• [AVAILABLE DATA]:
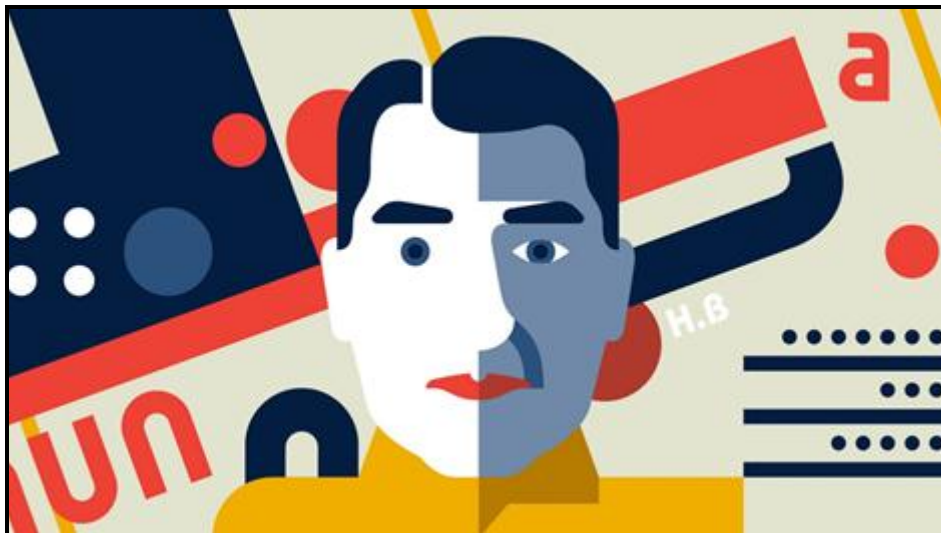
FIGUUR I: Bauhaus-styl-illustrasie deur Vesa Sammallahti vir Dezeen aanlyn tydskrif (Denemarke), 2018.

Skryf 'n opstel (ten minste EEN bladsy) waarin jy die illustrasies in FIGUUR H en FIGUUR I hierbo vergelyk. Verduidelik hoekom hulle tipies is van die ontwerpbewegings wat hulle verteenwoordig.
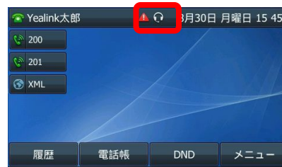
ヘッドセットモード
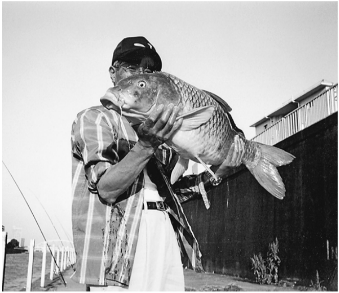
巨大な鯉をつり上げたAさん
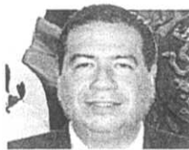
DIP. RICARDO MEJÍA BERDEJA Sustituto GP-MOVIMIENTO CIUDADANO [Signature]
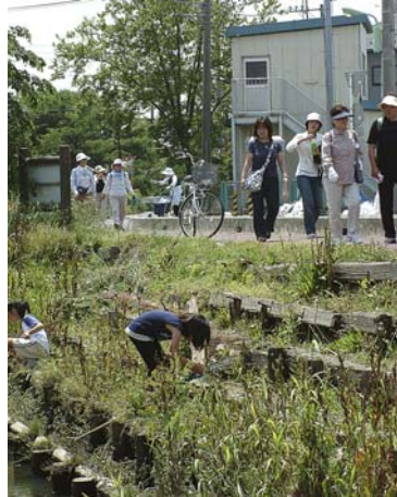
子供の水遊びを横目に
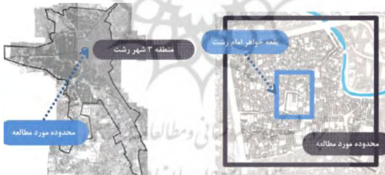
شکل ۲. موقعیت فضای شهری اطراف خواهر امام شهر رشت

در این تحقیق، دلایل حضور زنان در بقاع متبرکه در چند فضای شهری پیرامون بقاع متبرکه در استان گیلان مانند فضای شهری اطراف بقعه خواهر امام در شهر رشت، فضای شهری اطراف بقعه چهار پادشاه لاهیجان و ... مطالعه شد (اشکال ۲ و ۳) به ترتیب موقعیت فضاهای شهری پیرامون بقعه خواهر امام شهر رشت و اطراف بقعه چهار پادشاه لاهیجان را نشان می‌دهد. شیوه‌ی نمونه‌گیری مطالعه، نمونه‌گیری کیفی بوده است که به آن نمونه‌گیری هدفمند یا نمونه‌گیری نظری نیز می‌گویند. در این تحقیق از روش نمونه‌گیری گلوله برفی استفاده شده است حجم نمونه به اشباع نظری سؤال‌های مورد بررسی بستگی دارد. بر این اساس در بخش کیفی مطالعه با ۳۵ نفر از زنان ساکن در فضای شهری اطراف بقاع متبرکه مصاحبه عمیق انجام شد.

• [WHAT THE TASK REQUIRES]:
Within the listing above, the stretch from the line with "Skryf 'n opstel" down to the line with "شکل ۲. موقعیت" is to be given again exactly, end lines included and pictures excluded.

• [RESULT]:
Skryf 'n opstel (ten minste EEN bladsy) waarin jy die illustrasies in FIGUUR H en FIGUUR I hierbo vergelyk. Verduidelik hoekom hulle tipies is van die ontwerpbewegings wat hulle verteenwoordig.
ヘッドセットモード
巨大な鯉をつり上げたAさん
DIP. RICARDO MEJÍA BERDEJA Sustituto GP-MOVIMIENTO CIUDADANO [Signature]
子供の水遊びを横目に
شکل ۲. موقعیت فضای شهری اطراف خواهر امام شهر رشت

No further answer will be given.